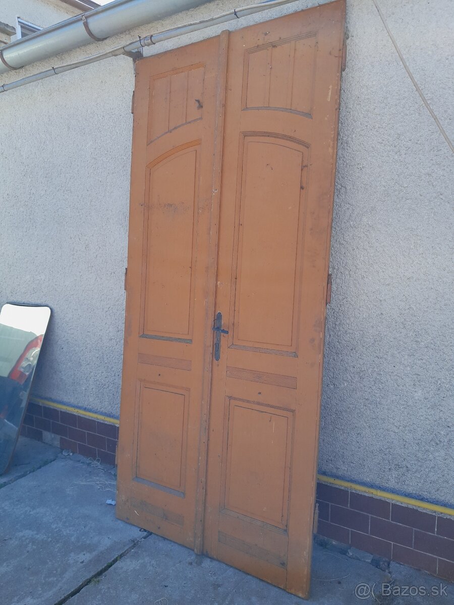 vintage retro drevené dvere z jednej strany sú biele a z druhej oranžové cena za pár 60€
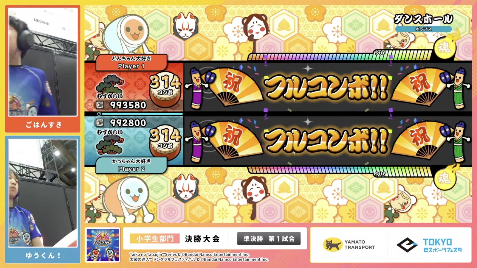 お互いフルコンボを決めるも、スコアの決定打になったのは連打数の違いとなり、最終結果はゆうくん!選手が初優勝に輝いた。
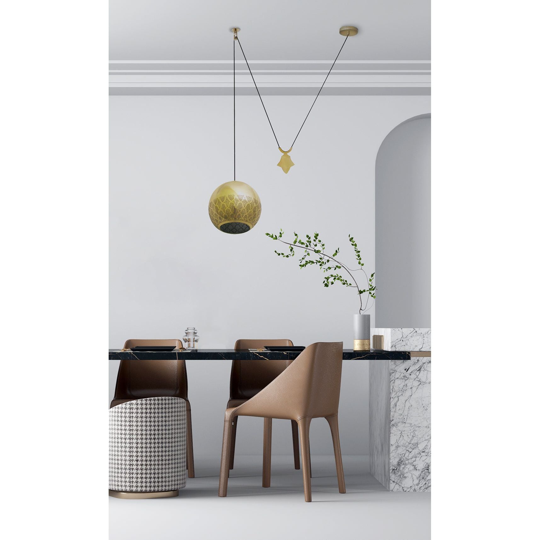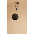 Award-winning, Nur Reversed counterweight Pendant Light is luxurious Moroccan lighting at its best! It won best in market at the NY NOW show in New York City. The design of this fixture is our take on oriental and Moorish lamps. The intricate hand-pierced pattern casts exquisite shadows onto the space and provides a focused light. The sphere shape provides the perfect canvas for the Darj W Ktef design. The counterbalance weight comes in the finish of your fixture. Choose between a solid sphere or a hamsa design to elevate your suspended fixture. The pendant is hung using a black cloth cord and a swag hook in the matching metal finish. The Hamsa counterweight is 4"x6". It's made from solid brass, copper, or nickel silver.
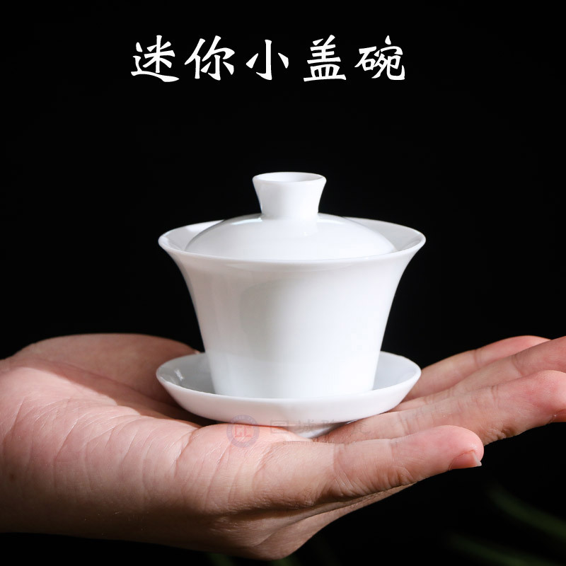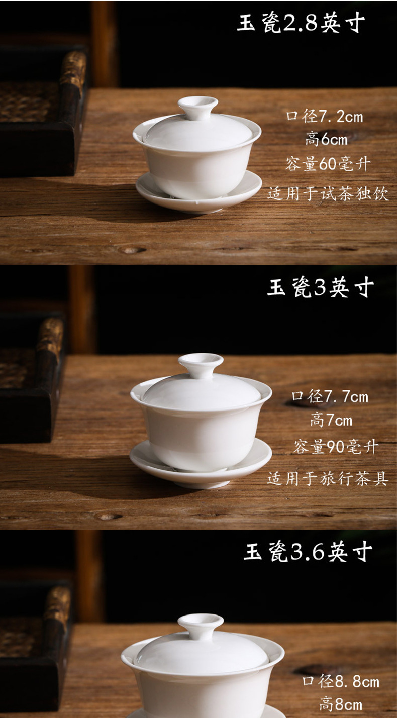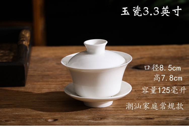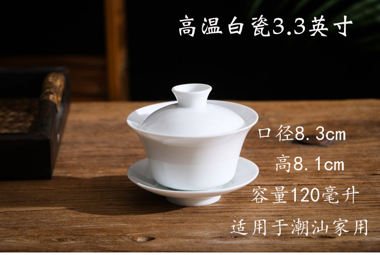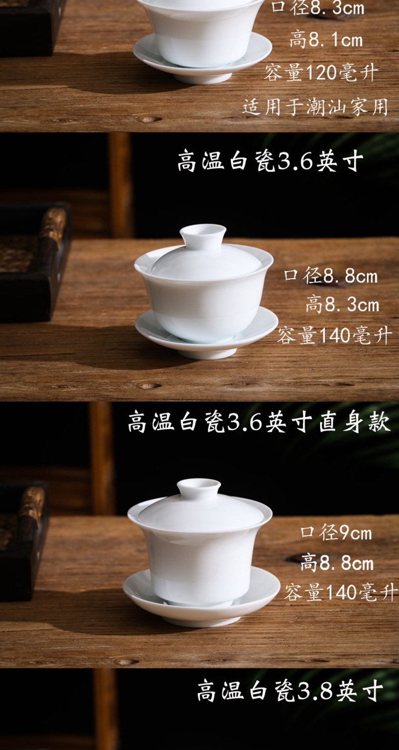 纯白陶瓷泡茶碗三件套三才小茶碗 潮汕小号大号可印logo白瓷盖碗
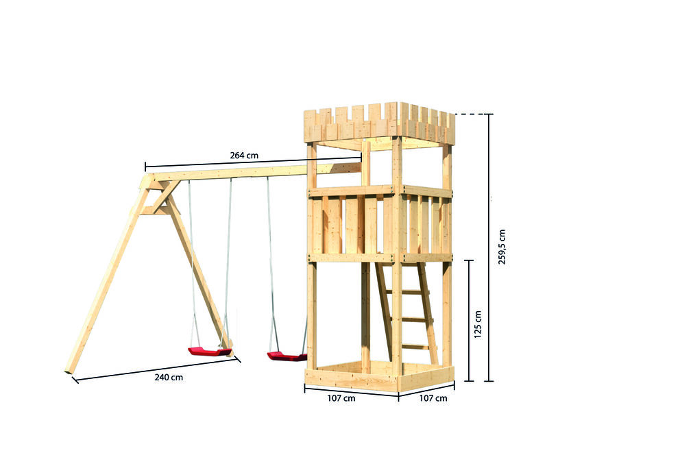 Die Ritterburg Löwenherz von KARIBU ist die ideale Wahl für alle kleinen Abenteurer und Abenteurerinnen, die hoch hinaus wollen. Bestes naturbelassenes nordisches Fichtenholz mit einer Grundkonstruktion aus ca. 6,8 x 6,8 cm starken Pfosten. Das Holz kommt aus dem hohen Norden Europas und ist absolut unbehandelt. Dadurch ist es frei von allen bekannten problematischen Substanzen, die bei Kesseldruckimprägnierungen in das Holz eindringen könnten. Die Podesthöhe von ca. 125 cm bietet beste Ausblicke und bringt die Phantasie Ihres Kindes zum Blühen. Das Satteldach und die Rüstungsbretter sind aus ca. 18 mm starken Bretterngefertigt und bieten hohe Stabilität und somit langlebige Sicherheit. Der Spielturm kann in diversen Kombinationen erworben werden und passt sich so Ihren Bedürfnissen an. Natürlich hat der Spielturm ein Zertifikat vom TÜV-Nord für geprüfte Sicherheit (GS) nach DIN EN 71-1, DIN EN 71-3, DIN EN 71-8 und AfPS GS 2014. Das riesige Zubehörsortiment sorgt dafür, dass Ihrer Phantasie keine Grenzen gesetzt sind. Als besonderes Highlight sind die außergewöhnlich schönen Farbsets zu nennen, die es Ihnen erlauben, die Ritterburg Löwenherz komplett einzigartig zu machen. Lassen Sie sich in der entsprechenden Zubehörrubrik inspirieren.
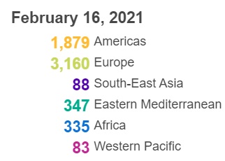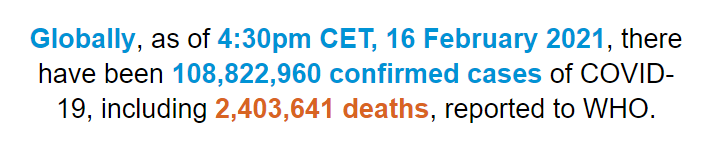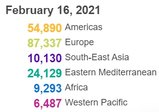根据世卫组织最新实时统计数据,截至欧洲中部时间2月16日16时30分(北京时间2月16日23时30分),全球累计新冠肺炎确诊病例108822960例,累计死亡病例2403641例。2月16日全球新冠肺炎确诊病例新增192266例,死亡病例新增5892例。(总台记者 朱赫)
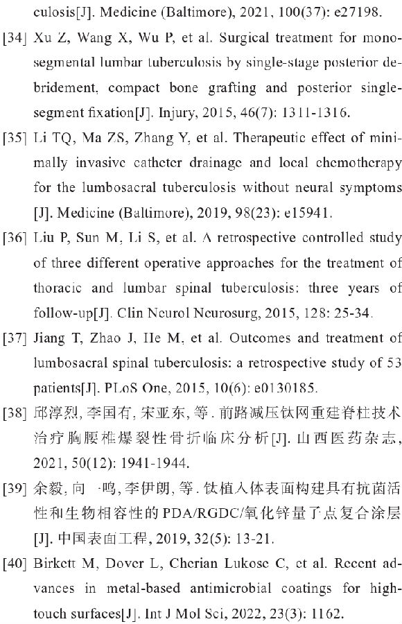 目前,普遍认为腰骶椎结核后路手术具有风险小、手术时间短、出血量小等优势,但仍有研究者选择前路手术进行腰骶椎结核的病灶清除。
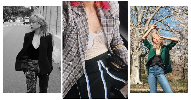 想要女人味?试试在西装里面穿吊带、bodysuit或我们之前写过的胸衣。
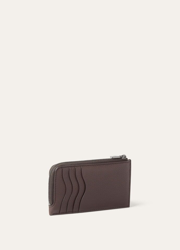 Each accessory is a whisper of individuality, a brushstroke of personality. Waves of calfskin create subtle intrigue in the outer compartment of this pouch, while practical details such as the zipped coin pocket add everyday elegance. The iconic square zip puller adds a sleek signature.

────────

Problem statement ▸ Each record should be printed again precisely, though not its pictures.

Output for this task ▸
 vintage retro drevené dvere z jednej strany sú biele a z druhej oranžové cena za pár 60€
 お互いフルコンボを決めるも、スコアの決定打になったのは連打数の違いとなり、最終結果はゆうくん!選手が初優勝に輝いた。
 Award-winning, Nur Reversed counterweight Pendant Light is luxurious Moroccan lighting at its best! It won best in market at the NY NOW show in New York City. The design of this fixture is our take on oriental and Moorish lamps. The intricate hand-pierced pattern casts exquisite shadows onto the space and provides a focused light. The sphere shape provides the perfect canvas for the Darj W Ktef design. The counterbalance weight comes in the finish of your fixture. Choose between a solid sphere or a hamsa design to elevate your suspended fixture. The pendant is hung using a black cloth cord and a swag hook in the matching metal finish. The Hamsa counterweight is 4"x6". It's made from solid brass, copper, or nickel silver.
 纯白陶瓷泡茶碗三件套三才小茶碗 潮汕小号大号可印logo白瓷盖碗
 Die Ritterburg Löwenherz von KARIBU ist die ideale Wahl für alle kleinen Abenteurer und Abenteurerinnen, die hoch hinaus wollen. Bestes naturbelassenes nordisches Fichtenholz mit einer Grundkonstruktion aus ca. 6,8 x 6,8 cm starken Pfosten. Das Holz kommt aus dem hohen Norden Europas und ist absolut unbehandelt. Dadurch ist es frei von allen bekannten problematischen Substanzen, die bei Kesseldruckimprägnierungen in das Holz eindringen könnten. Die Podesthöhe von ca. 125 cm bietet beste Ausblicke und bringt die Phantasie Ihres Kindes zum Blühen. Das Satteldach und die Rüstungsbretter sind aus ca. 18 mm starken Bretterngefertigt und bieten hohe Stabilität und somit langlebige Sicherheit. Der Spielturm kann in diversen Kombinationen erworben werden und passt sich so Ihren Bedürfnissen an. Natürlich hat der Spielturm ein Zertifikat vom TÜV-Nord für geprüfte Sicherheit (GS) nach DIN EN 71-1, DIN EN 71-3, DIN EN 71-8 und AfPS GS 2014. Das riesige Zubehörsortiment sorgt dafür, dass Ihrer Phantasie keine Grenzen gesetzt sind. Als besonderes Highlight sind die außergewöhnlich schönen Farbsets zu nennen, die es Ihnen erlauben, die Ritterburg Löwenherz komplett einzigartig zu machen. Lassen Sie sich in der entsprechenden Zubehörrubrik inspirieren.
根据世卫组织最新实时统计数据,截至欧洲中部时间2月16日16时30分(北京时间2月16日23时30分),全球累计新冠肺炎确诊病例108822960例,累计死亡病例2403641例。2月16日全球新冠肺炎确诊病例新增192266例,死亡病例新增5892例。(总台记者 朱赫)
 目前,普遍认为腰骶椎结核后路手术具有风险小、手术时间短、出血量小等优势,但仍有研究者选择前路手术进行腰骶椎结核的病灶清除。
 想要女人味?试试在西装里面穿吊带、bodysuit或我们之前写过的胸衣。
 Each accessory is a whisper of individuality, a brushstroke of personality. Waves of calfskin create subtle intrigue in the outer compartment of this pouch, while practical details such as the zipped coin pocket add everyday elegance. The iconic square zip puller adds a sleek signature.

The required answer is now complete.